What is being asked ▸ Transcribe only the part of the material below that begins at the line containing "Cast using the" and ends at the line containing "郭芺归属为技能将,初始暴击较", with both kept and images left out.

Task inputs ▸
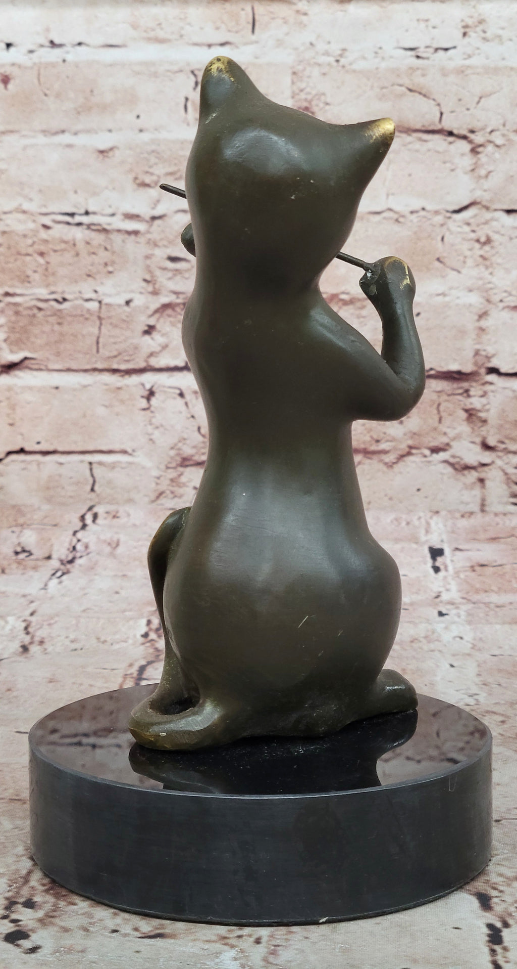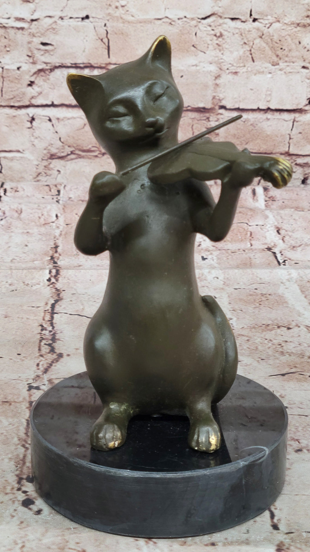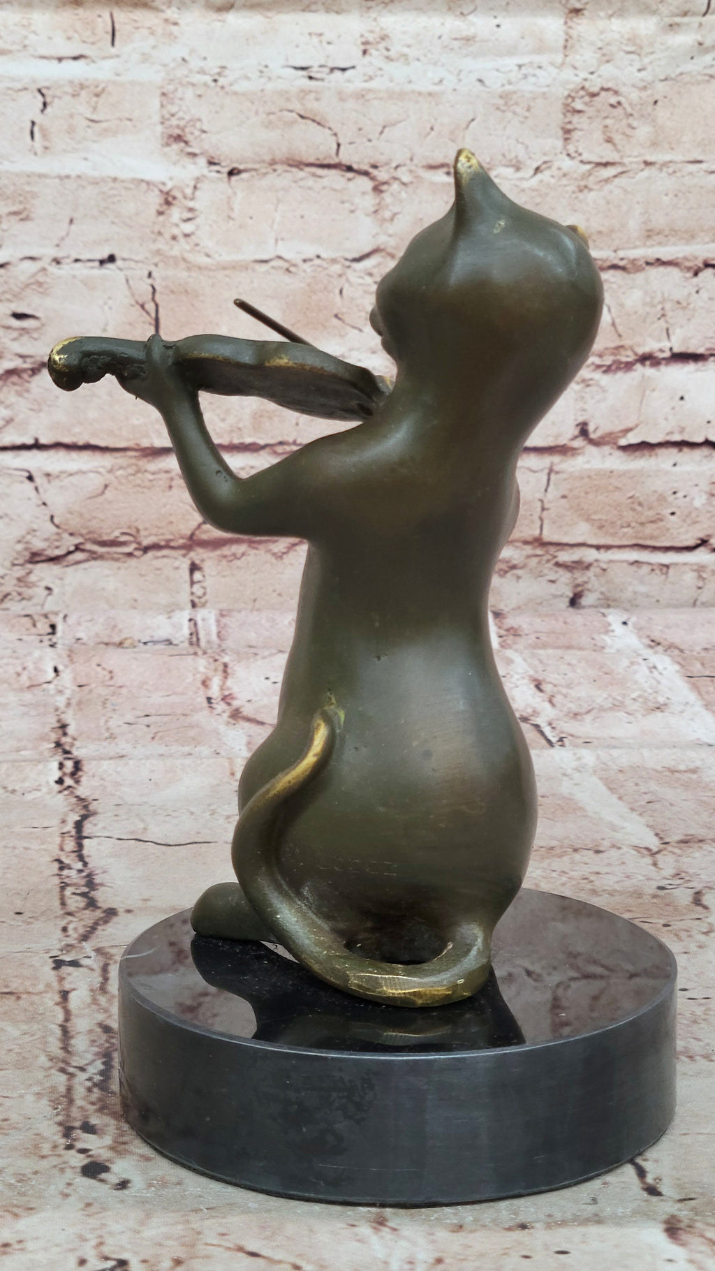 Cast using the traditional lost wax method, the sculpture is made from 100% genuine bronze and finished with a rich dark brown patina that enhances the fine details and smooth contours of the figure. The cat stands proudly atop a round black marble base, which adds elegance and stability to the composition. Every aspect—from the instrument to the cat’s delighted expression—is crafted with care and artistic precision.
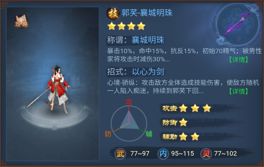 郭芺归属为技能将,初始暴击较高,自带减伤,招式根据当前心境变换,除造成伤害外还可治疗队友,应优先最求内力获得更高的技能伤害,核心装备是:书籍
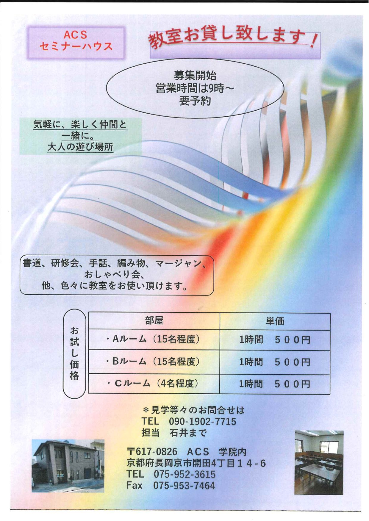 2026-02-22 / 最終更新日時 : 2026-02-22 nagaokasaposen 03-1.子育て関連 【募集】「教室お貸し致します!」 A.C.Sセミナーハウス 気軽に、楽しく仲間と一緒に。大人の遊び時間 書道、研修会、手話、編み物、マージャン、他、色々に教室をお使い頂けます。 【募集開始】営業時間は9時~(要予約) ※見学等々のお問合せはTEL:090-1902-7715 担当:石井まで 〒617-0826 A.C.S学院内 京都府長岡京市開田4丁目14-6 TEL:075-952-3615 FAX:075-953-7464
---
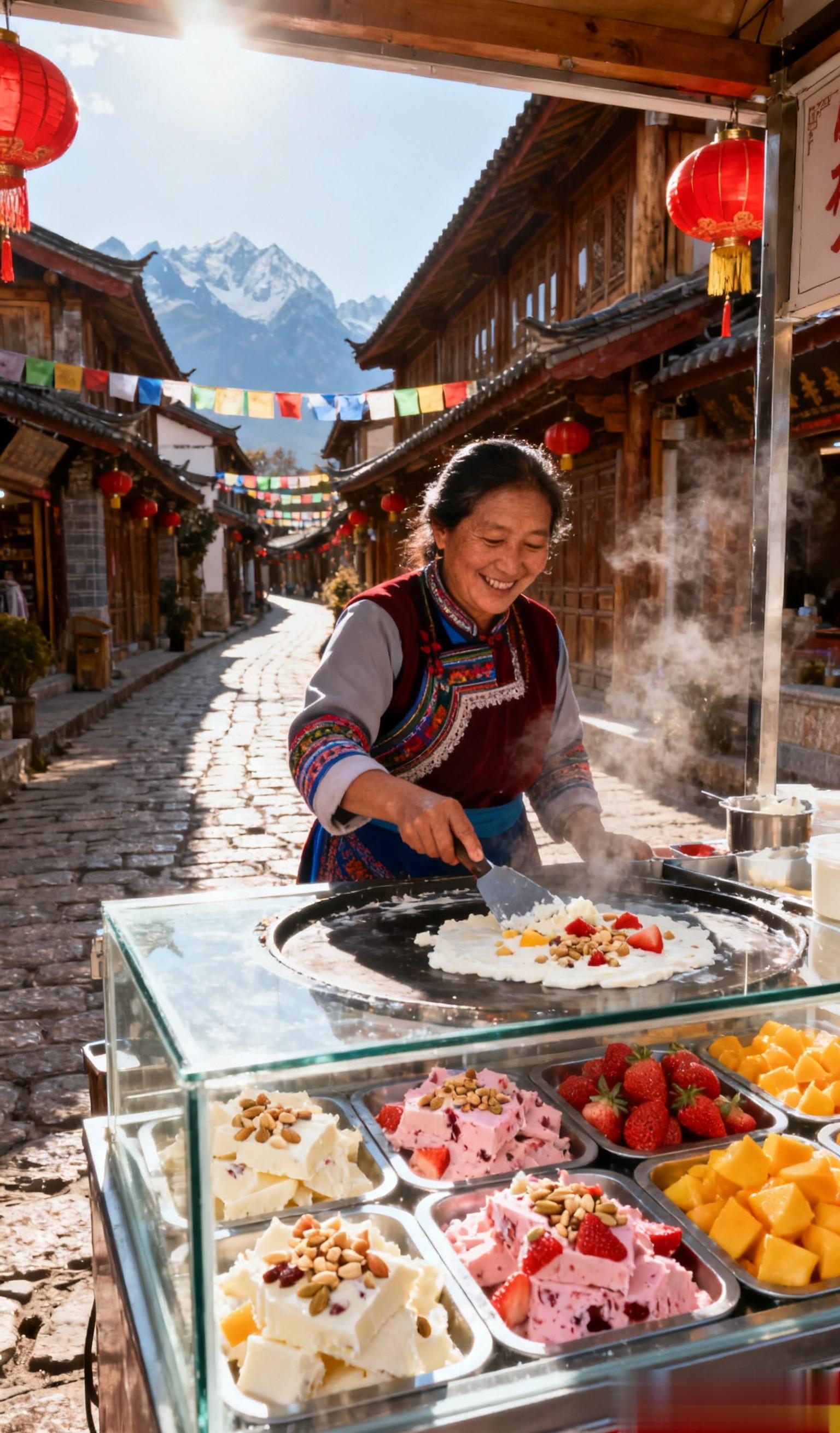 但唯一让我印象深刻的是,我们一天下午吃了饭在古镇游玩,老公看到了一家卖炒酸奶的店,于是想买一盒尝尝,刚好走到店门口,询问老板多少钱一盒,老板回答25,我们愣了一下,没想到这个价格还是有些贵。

Response to the exercise ▸
 Cast using the traditional lost wax method, the sculpture is made from 100% genuine bronze and finished with a rich dark brown patina that enhances the fine details and smooth contours of the figure. The cat stands proudly atop a round black marble base, which adds elegance and stability to the composition. Every aspect—from the instrument to the cat’s delighted expression—is crafted with care and artistic precision.
 郭芺归属为技能将,初始暴击较高,自带减伤,招式根据当前心境变换,除造成伤害外还可治疗队友,应优先最求内力获得更高的技能伤害,核心装备是:书籍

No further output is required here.